Zack_M_Davis comments on Alexander and Yudkowsky on AGI goals

Zack_M_Davis 25 Jan 2023 19:05 UTC
37 points
18

I think everyone in the field would be incredibly impressed if they managed to hook up a pretrained GPT to an AlphaStar-for-Minecraft and get back out something that could talk about its strategies with human coplayers. I’d consider that a huge advance in alignment research [bolding mine —ZMD] [...] because of the level of transparency increase it would imply, that there was an AI system that could talk about its internally represented strategies, somehow. Maybe because somebody trained a system to describe outward Minecraft behaviors in English, and then trained another system to play Minecraft while describing in advance what behaviors it would exhibit later, using the first system’s output as the labeler on the data.

Huh?

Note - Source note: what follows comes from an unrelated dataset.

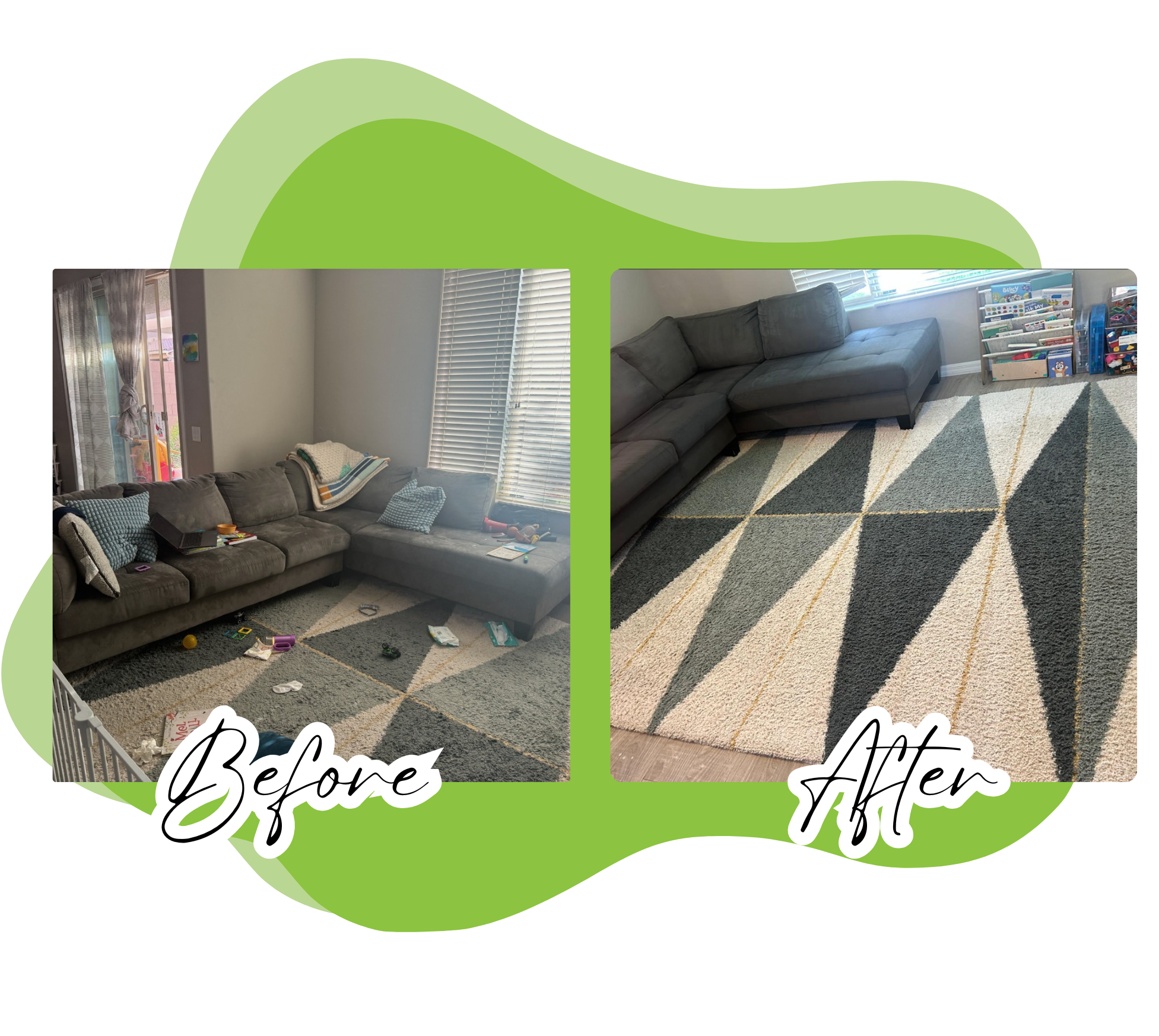 Our eco-friendly deep cleaning leaves your carpets, rugs, and floors looking beautiful and safe for your family & pets.
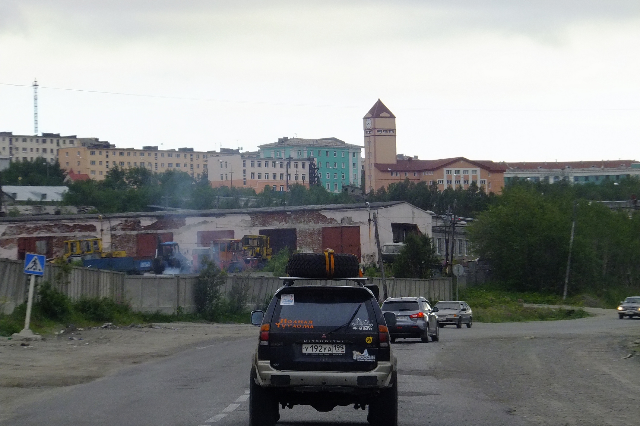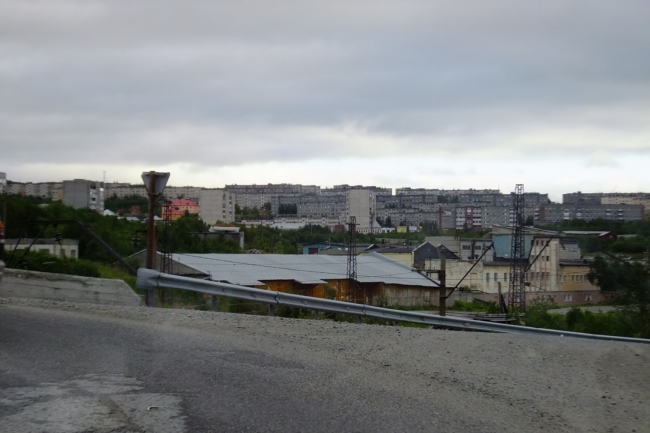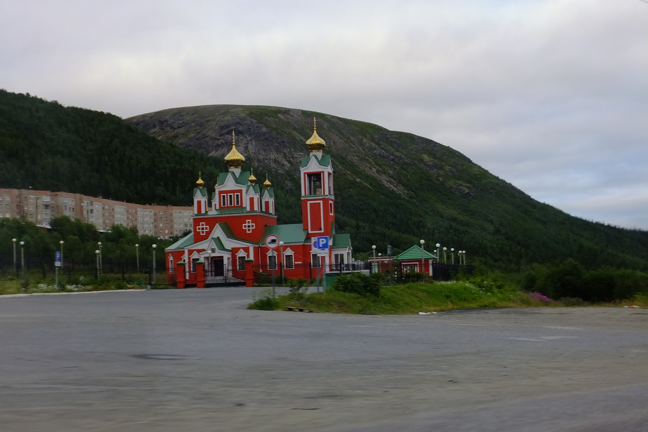 Срань господня.. он страшнее Мурманска!!! Вечер, сумерки кругом голые горы и массив абсолютно серых пятиэтажек! .. Город-кладбище! Хотелось закрыть глаза и не смотреть. .. Чуть погодя нарисовалась небольшая церквушка, довольно ярких оттенков.. почему то хорошего не подумалось, благо останавливаться смысла нет, мы едем на Гольцовое ..

Isn’t this essentially what Meta’s Cicero did for Diplomacy? (No one seemed to think of this as an alignment advance.)
- green_leaf 25 Jan 2023 22:36 UTC
  3 points
  −2
  Parent
  Unless I’m missing something, Cicero can talk about its strategies, but only in the sense that its training resulted in its text usually saying such things about its strategies that it usually helps to win the game. Not in the sense that it would have some subpart that would truthfully and reliably report on whatever strategy the network actually has (I’d expect those two goals to contradict each other pretty often (or at least sometimes)).
  - Quintin Pope 25 Jan 2023 23:28 UTC
    6 points
    2
    Parent
    I’ve heard that this is false. Though I haven’t personally read the paper, so I can’t comment with confidence.
    - green_leaf 25 Jan 2023 23:31 UTC
      3 points
      0
      Parent
      Oh, I see. It seems like it doesn’t work reliably though (the comment says it “doesn’t lead to a fully honest agent”).